The problem - Your task is to return the listing below word for word, without any of its images.

Exercise data -
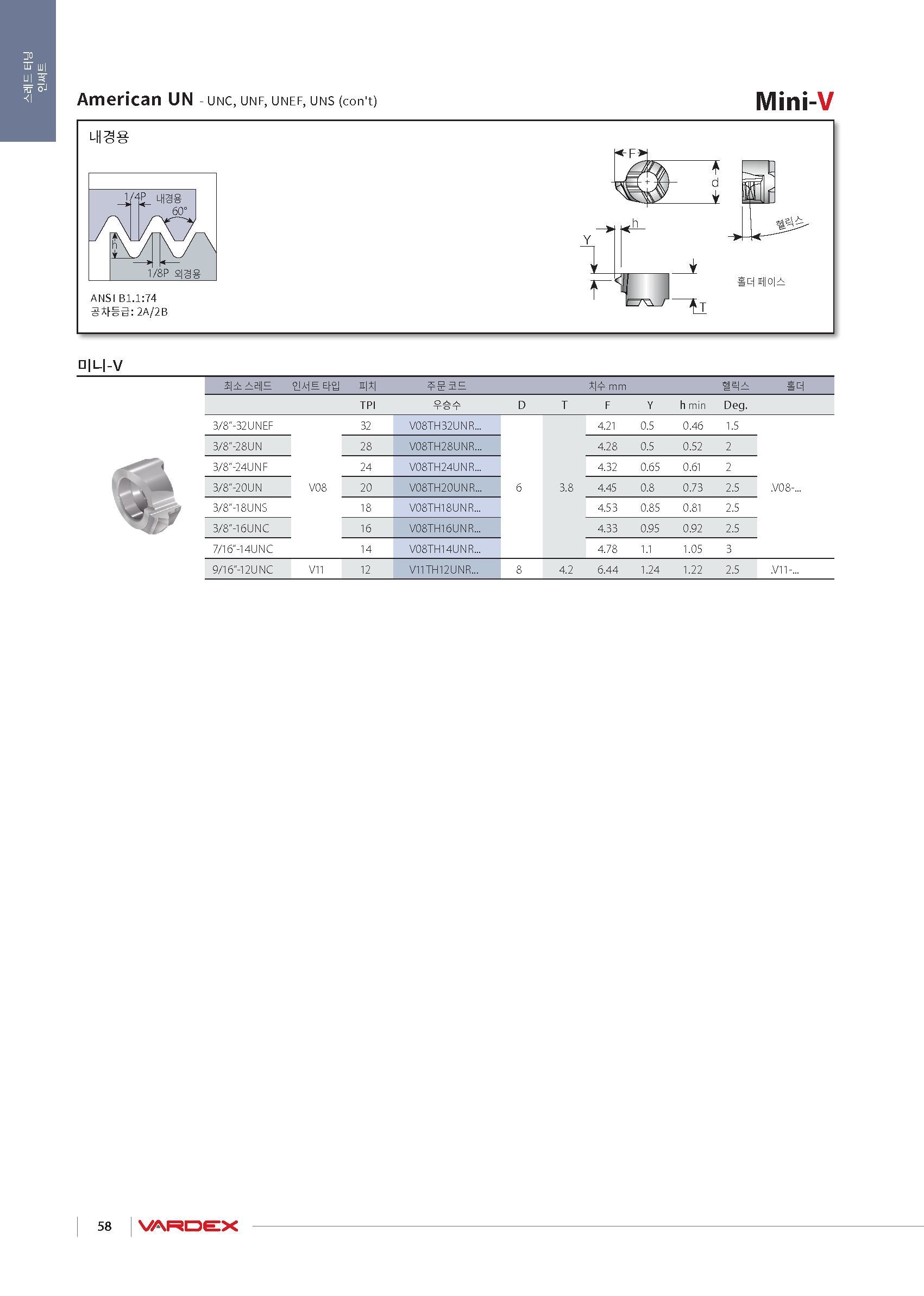• 상품명 Mini-V 나사 인써트 14UN/CVE08.VE08..
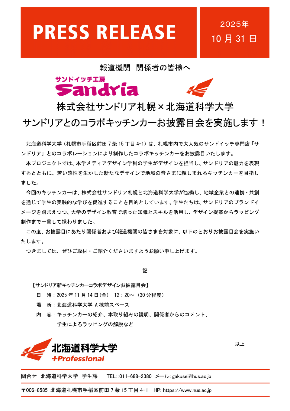 株式会社サンドリア札幌×北海道科学大学 サンドリアとのコラボキッチンカーお披露目会を実施します!|プレスリリース
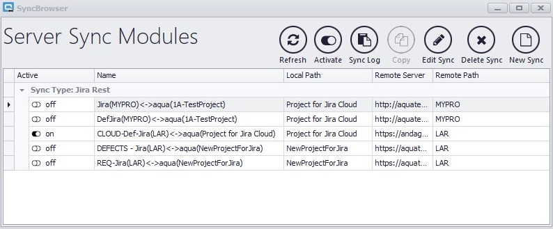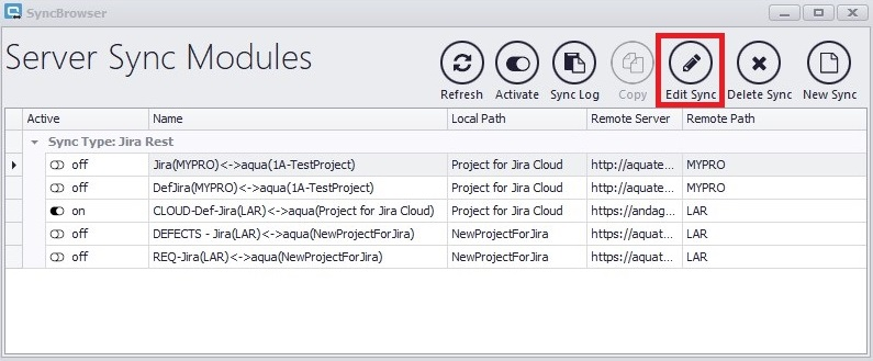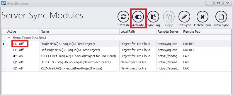 Um bestehende Syncs zu aktivieren oder deaktivieren, klicken Sie entweder auf das Schaltersymbol neben dem Sync-Namen, oder Sie selektieren einen Sync und klicken auf Activate.
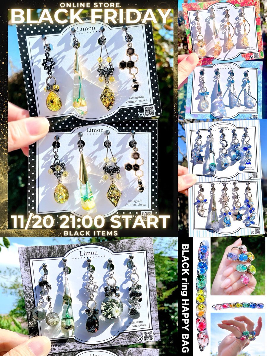 ◆BLACK FRIDAY◆ 11/20(木)21:00-25(火)06:59 通販▶︎ limon.official.ec ◀︎ 1年ぶりBLACK耳飾り、女王蜂イメージとリング福袋🐝その他リクエストのあった作品の受注を通販にて販売開始。 #PayIDブラックフライデー #BASE pic.x.com/ybiB0x2yhM

Response area -
• 상품명 Mini-V 나사 인써트 14UN/CVE08.VE08..
 株式会社サンドリア札幌×北海道科学大学 サンドリアとのコラボキッチンカーお披露目会を実施します!|プレスリリース
 Um bestehende Syncs zu aktivieren oder deaktivieren, klicken Sie entweder auf das Schaltersymbol neben dem Sync-Namen, oder Sie selektieren einen Sync und klicken auf Activate.
 ◆BLACK FRIDAY◆ 11/20(木)21:00-25(火)06:59 通販▶︎ limon.official.ec ◀︎ 1年ぶりBLACK耳飾り、女王蜂イメージとリング福袋🐝その他リクエストのあった作品の受注を通販にて販売開始。 #PayIDブラックフライデー #BASE pic.x.com/ybiB0x2yhM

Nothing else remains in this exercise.